Previously I had a Ubuntu 8.04 and there was no problems. After a hard drive failure, I moved the script into a Linux Mint 9 Isadora (on a Fit-PC2), where I get segmentation faults all the time.

To rule out other components, I wrote a test script that does nothing else but logs the sensor data. This script keeps crashing just the same, so it seems to be related to Phidget lib.

The python version is 2.6.5, SBC is running firmware 1.0.4.20110322 (minimal) and I've compiled Phidget lib from source version 2.1.8 (20110322).

The segmentation fault sometimes happens immediatelly when the script is started, but sometimes it has to wait hours. But it has never run more than 24 hours.

Usually the last log entry before seg fault is from sensor detached event. I've also enabled phidget internal logging, but there is nothing for the time when this happens.

I also tried python trace, but the last line is always the one waiting for user input (sys.stdin.readline())

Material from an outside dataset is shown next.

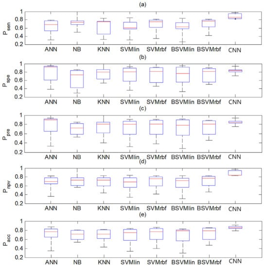 ANN represents a three-layer artificial neural network based on MLP. Each participant repeats the training and testing process of the neural network for 10 times, calculates its average value for comparison and statistical analysis, and sets the number of hidden neurons and input feature dimensions to 55. NB represents a naive Bayesian classifier without any pre-set parameters. KNN means K-nearest neighbor classifier with K = 30. and represent standard support vector machines using linear and nonlinear kernels with radial basis functions (RBFs), respectively. For linear support vector machines, the model selection of regularization parameters can be obtained with a training set, a validation set and 15 candidate parameter sets composed of {}. For RBF-SVM, grid search regularization parameters and kernel width are used in the set {}. BSVM indicates that the bounded support vector machine is a variant of the standard SVM. Similar to the implementation of the standard support vector machine, the linear kernel and RBF kernel use the same model selection criteria, respectively, which are represented as and . It can be found from Figure 7 that among all classifiers of , and , the median of CNN model is the highest, while the median of the neural network classifier is the highest. Table 3 lists the results of comparing the five performance indicators between the CNN model and the other seven MP classifiers with Wilcoxon signed rank test. It shows that , and have been significantly improved, and the values of and are equivalent to the performance of other classifiers.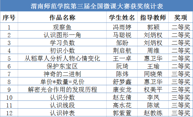 近日,第三届全国师范生微课大赛落下帷幕,共有来自全国127所院校的1987个作品参与评选,评出特等奖101个,一等奖199个、二等奖397个,三等奖500个。best365推荐了20个微课作品参赛,12个作品获奖,其中获二等奖6项、三等奖6项。

What else is there I could do to solve this?

Here's the test script:

Code: Select all

import logging
import os
import sys
from logging.handlers import *

from Phidgets.PhidgetException import PhidgetErrorCodes, PhidgetException
from Phidgets.Events.Events import AttachEventArgs, DetachEventArgs, ErrorEventArgs, InputChangeEventArgs, OutputChangeEventArgs, SensorChangeEventArgs
from Phidgets.Devices.InterfaceKit import InterfaceKit

log = logging.getLogger("SensorTest")

class SensorTest():
   def __init__(self):
      log.debug("Opening interface")
      try:
         self.sensor = InterfaceKit()
      except RuntimeError as e:
         log.error(e)
         self.sensor = None
         return
   
   def start(self):
      try:
         log.debug("Phidget library %s" %(self.sensor.getLibraryVersion()))
         self.sensor.enableLogging(6, "phidget.log")
         self.sensor.setOnAttachHandler(self.onAttached)
         self.sensor.setOnDetachHandler(self.onDetached)
         self.sensor.setOnErrorhandler(self.onError)
         self.sensor.setOnInputChangeHandler(self.onInputChange)
         self.sensor.setOnOutputChangeHandler(self.onOutputChange)
         self.sensor.setOnSensorChangeHandler(self.onChange)
         self.sensor.setOnServerConnectHandler(self.onServerConnected)
         self.sensor.setOnServerDisconnectHandler(self.onServerDisconnected)
      except PhidgetException as e:
         log.error("Phidget Exception %i: %s" % (e.code, e.details))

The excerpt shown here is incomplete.